COSCO Pacific to acquire Istanbul container terminal for $940m

The port terminal operator, in partnership with China Merchants Holdings International and CIC Capital, has agreed to purchase a majority stake in Kumport Terminal at the Ambarli Port Complex in Istanbul, Turkey.

   COSCO Pacific Limited has established a joint venture China Merchants Holdings International (CMHI) and CIC Capital to acquire a majority share of Fina Liman and Kumport, owners of Kumport Terminal in Istanbul, Turkey, according to a statement from the terminal operator.
   Kumport Terminal, the sole asset of Fina Liman, is a container terminal at the Ambarli Port Complex situated on the northwest coast of the Marmara Sea on the European side of Istanbul.
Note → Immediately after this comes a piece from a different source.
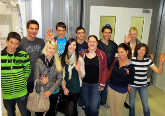
Bild: PraktikantInnen am RCPE
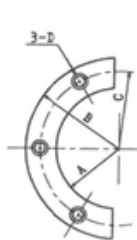
Type A (3 hole)

   COSCO Pacific, CMHI and CIC Capital agreed to purchase approximately 64.522 percent of the issued share capital of Fina Liman, the remainder of which (35.478 percent) is held by Turkac, for an initial purchase price of $919,852,418.33. In addition, the companies will acquire shares in Kumport representing approximately 1.346 percent of its issued share capital, the remainder of which (98.654 percent) is owned by Fina Liman, for an initial purchase price of $20,275,501.76.
   The total initial purchase price for the majority shares in Fina Liman and Kumport comes to $940.13 million. COSCO said in a statement the final purchase price will be determined based on the net debt and working capital of Fina Liman and Kumport at closing.
   COSCO Pacific, CMHI and CIC Capital, through their respective wholly-owned subsidiaries will hold 40 percent, 40 percent and 20 percent of the purchased shares upon completion of the transaction.
   The deal is conditional upon various conditions, including approval from the Turkish Competition Board.
    COSCO noted the Consortium SPV, the joint venture formed in order to purchase Kumport, “is not a subsidiary of the company and will be accounted for as a joint venture of the company in its financial statements.”
   Kumport Terminal, the third largest container terminal in Turkey, “is located at a gateway to the Black Sea and a strategic interchange between Europe and Asia,” according to COSCO Pacific. It has six berths with a current capacity of 1.84 million TEUs and space for expansion to up to 3.5 million TEUs. The terminal is able to handle containerships with capacity for up to 18,000 TEUs and had a container throughput of 1.4 million TEUs in 2014.
   “The (COSCO) Board believes that Kumport Terminal has good development prospects given the potential business synergy between Kumport Terminal and the Company’s existing investment in Piraeus Container Terminal S.A. in Greece and the cooperation between the Company and CMHI in light of their respective experience in investing, managing and operating overseas port operations as well as port operations in the PRC and their respective relationships with liners,” the terminal operator said of the acquisition.
   “Furthermore, Kumport Terminal is situated in Turkey, which is a strategic location along the ‘Silk Road Economic Belt and the 21st Maritime Silk Road,’” it added. “Taking into account the above factors, the board believes that the transaction is a valuable investment opportunity for the company to enhance the company’s terminal profitability and create value for shareholders, and that the terms of the transaction are fair and reasonable and in the interests of the shareholders as a whole.”